> **Task prompt**: Lines from the one containing "Rasante Fahrten, schräge" through the final line of the records below are needed, copied exactly, with no pictures.

> **Stored data**:
##########
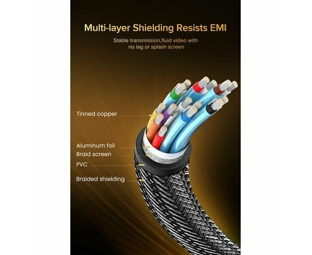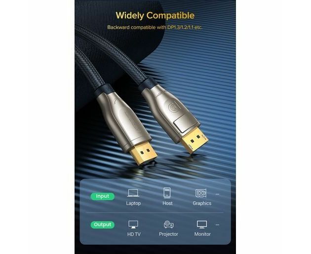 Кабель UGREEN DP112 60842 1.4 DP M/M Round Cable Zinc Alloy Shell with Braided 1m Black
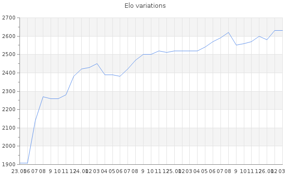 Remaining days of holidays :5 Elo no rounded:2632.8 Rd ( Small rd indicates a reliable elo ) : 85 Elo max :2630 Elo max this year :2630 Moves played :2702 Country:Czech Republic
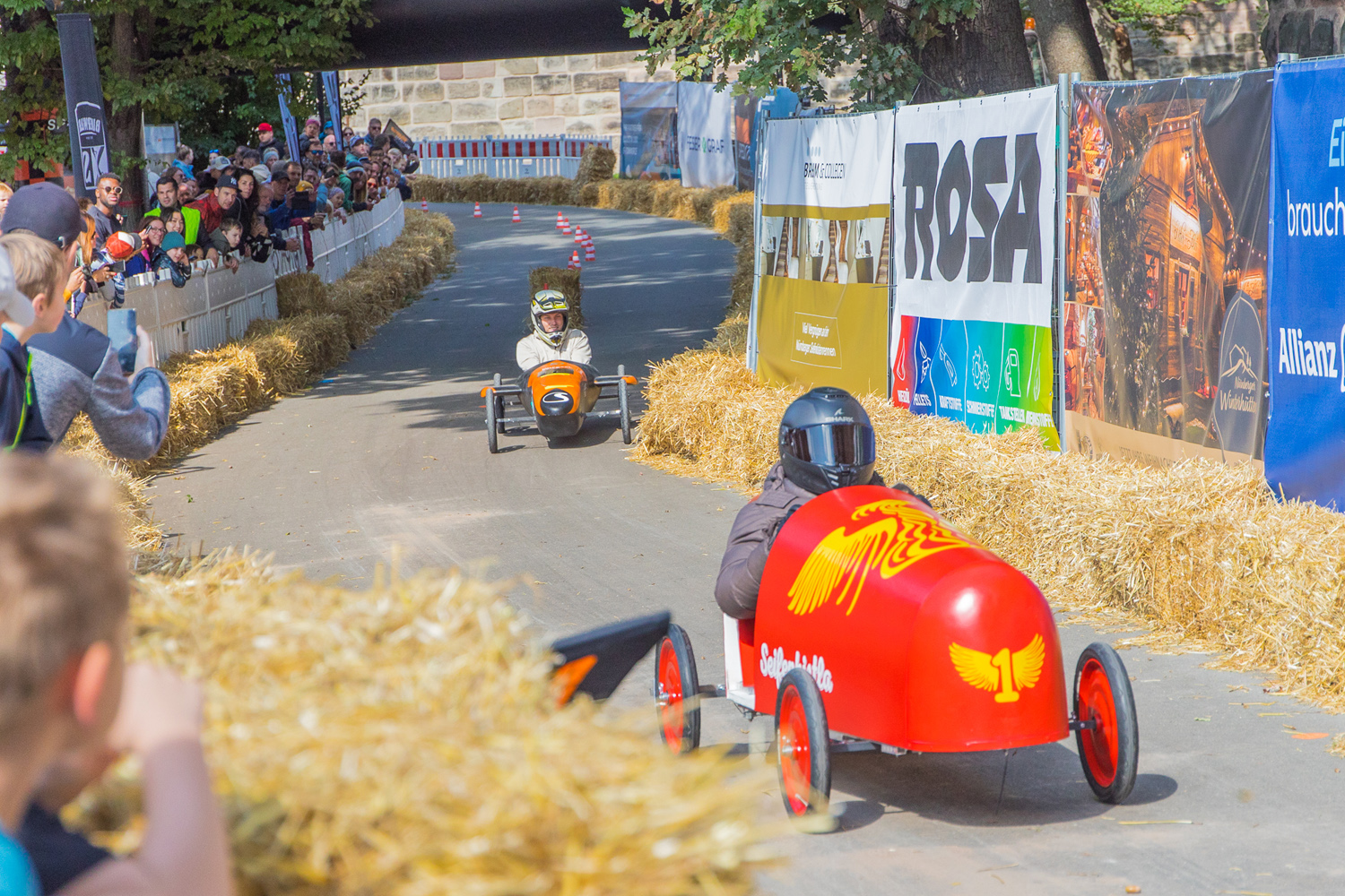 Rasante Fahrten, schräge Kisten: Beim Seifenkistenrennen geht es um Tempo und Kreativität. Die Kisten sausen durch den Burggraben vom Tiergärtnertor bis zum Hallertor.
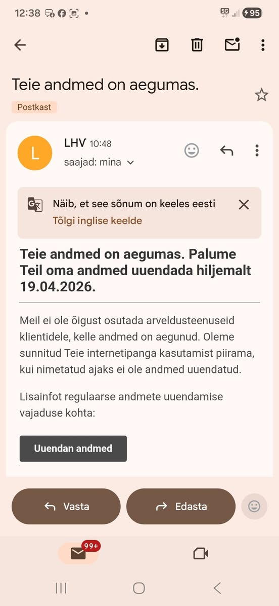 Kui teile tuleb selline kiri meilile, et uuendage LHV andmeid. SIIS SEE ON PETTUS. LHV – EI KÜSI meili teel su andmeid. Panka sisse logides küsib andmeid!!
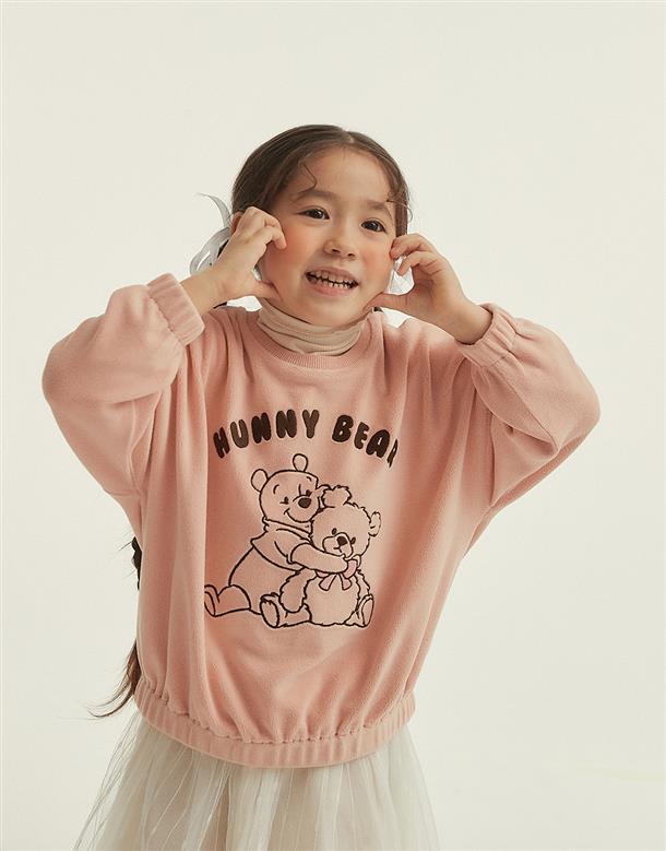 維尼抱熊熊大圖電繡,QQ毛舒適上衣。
##########
> **Solution for this task**:
 Rasante Fahrten, schräge Kisten: Beim Seifenkistenrennen geht es um Tempo und Kreativität. Die Kisten sausen durch den Burggraben vom Tiergärtnertor bis zum Hallertor.
 Kui teile tuleb selline kiri meilile, et uuendage LHV andmeid. SIIS SEE ON PETTUS. LHV – EI KÜSI meili teel su andmeid. Panka sisse logides küsib andmeid!!
 維尼抱熊熊大圖電繡,QQ毛舒適上衣。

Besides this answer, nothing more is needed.